The wrong kinds of liquids include energy drinks (Monsters, Red Bull etc.), caffeine (coffee, shots, etc.) and yes, even "electrolyte-replsnishing" drinks (gatorade, powerade etc.). You may agree with me when I say caffeine and energy drinks are absolutely terrible for workouts, but I bet you didn't guess drinks like Gatorade and Powerade aren't the best for exercising.

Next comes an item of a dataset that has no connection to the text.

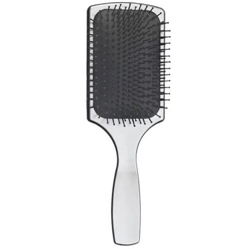 - The Paddle brush with ball-tipped nylon bristles in 13 rows detangles thick or coarse hair effortlessly. The soft rubber cushion pad follows the shape of the scalp and therefore minimizes scalp damage or hair breakage. This antistatic paddle brush is recommended for long thin to normal hair and can be used on a daily base.

I could go deep into detail, but the main point is that drinks like Gatorade DO replenish you with electrolytes, but what comes associated with the electrolytes (food coloring, high fructose corn syrup etc.) is what tears your body down in the long run. The main point is that you need to hydrate yourself constantly and properly. Everyone is going to have to replenish their liquids differently because we all have different body types and workouts, but the main point is that you absolutely NEED to stay hydrated both in and out of the gym.

2. Don't Settle For Average With Your Workouts

I don't know exactly what you do for your workout plan or what different muscles you work each day, but I do know one thing: that you need to push your body and not just settle for average during each exercise. There are so many things that incorporate into this amazing tip, but I'm only going to cover the absolute necessary points.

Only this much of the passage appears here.